- **Goal of the exercise**: With the pictures removed, the data below must be transcribed in full and exactly.

- **Supplied data**:
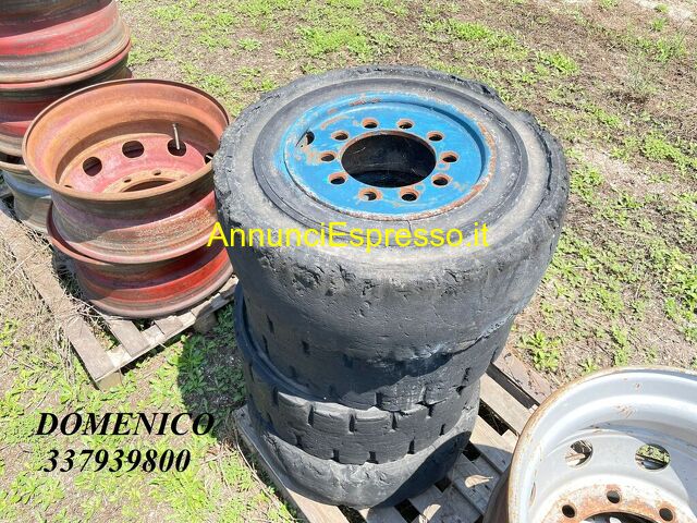 N.4 GOMME PIENE X MULETTO MISURE 250-15 CERCHIO 10 IVECO prezzo EUR.100,00 INFO: DOMENICO [NUM] GRAZIE N. 4 GOMME PIENE X MULETTO MISURE 250-15 CON CERCHIO 10 FORI Gomma utilizzata con cerchione blu, in buone condizioni. Diverse ruote e cerchioni di metallo visibili sullo sfondo. Ideale per riparazioni o ricambi. Contatto: Domenico, [NUM]. Andria (BT)
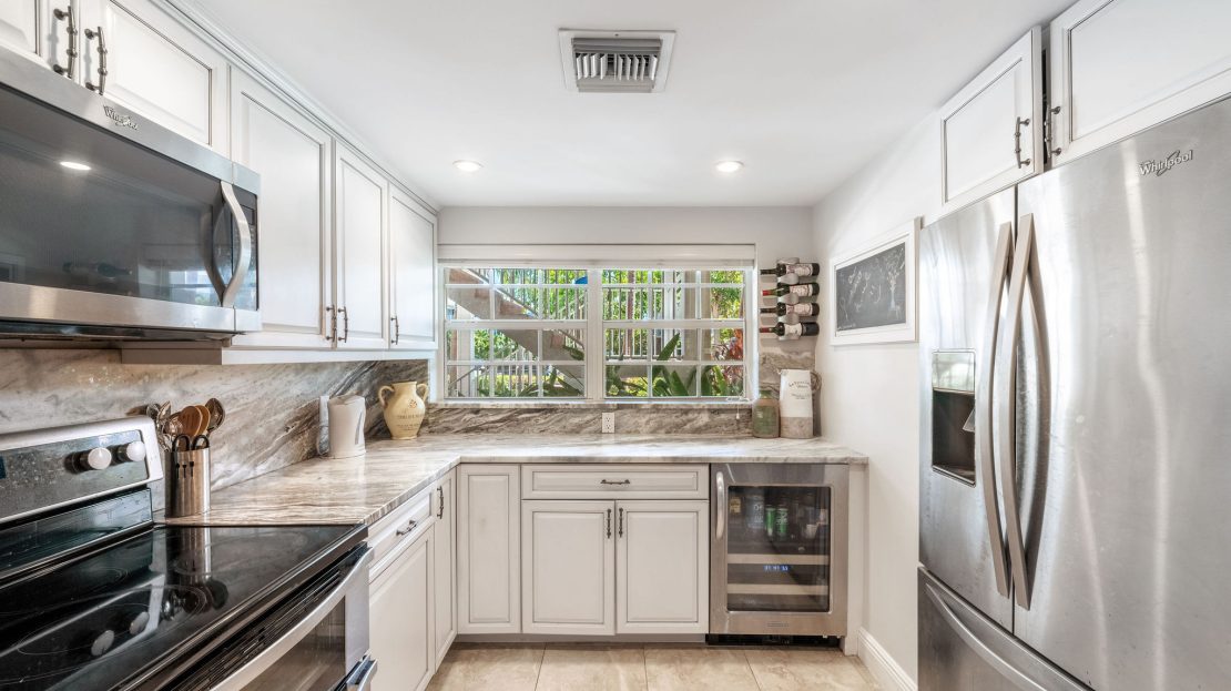 Inside, the contemporary kitchen features elegant cabinetry, modern appliances, and quartz countertops, flowing into the living and dining area. The spacious bedroom offers a calm retreat with garden views, generous storage, and a stylish, newly updated bathroom.
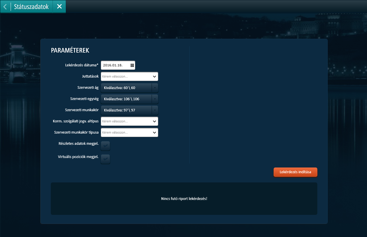 A lekérdezés a kiválasztott szervezeti egységek alapján összegyűjti az érintett státuszokat (pozíciókat), amelyek a szervezeti struktúrában érvényesek a lekérdezés pillanatában.

- **Solved exercise**:
 N.4 GOMME PIENE X MULETTO MISURE 250-15 CERCHIO 10 IVECO prezzo EUR.100,00 INFO: DOMENICO [NUM] GRAZIE N. 4 GOMME PIENE X MULETTO MISURE 250-15 CON CERCHIO 10 FORI Gomma utilizzata con cerchione blu, in buone condizioni. Diverse ruote e cerchioni di metallo visibili sullo sfondo. Ideale per riparazioni o ricambi. Contatto: Domenico, [NUM]. Andria (BT)
 Inside, the contemporary kitchen features elegant cabinetry, modern appliances, and quartz countertops, flowing into the living and dining area. The spacious bedroom offers a calm retreat with garden views, generous storage, and a stylish, newly updated bathroom.
 A lekérdezés a kiválasztott szervezeti egységek alapján összegyűjti az érintett státuszokat (pozíciókat), amelyek a szervezeti struktúrában érvényesek a lekérdezés pillanatában.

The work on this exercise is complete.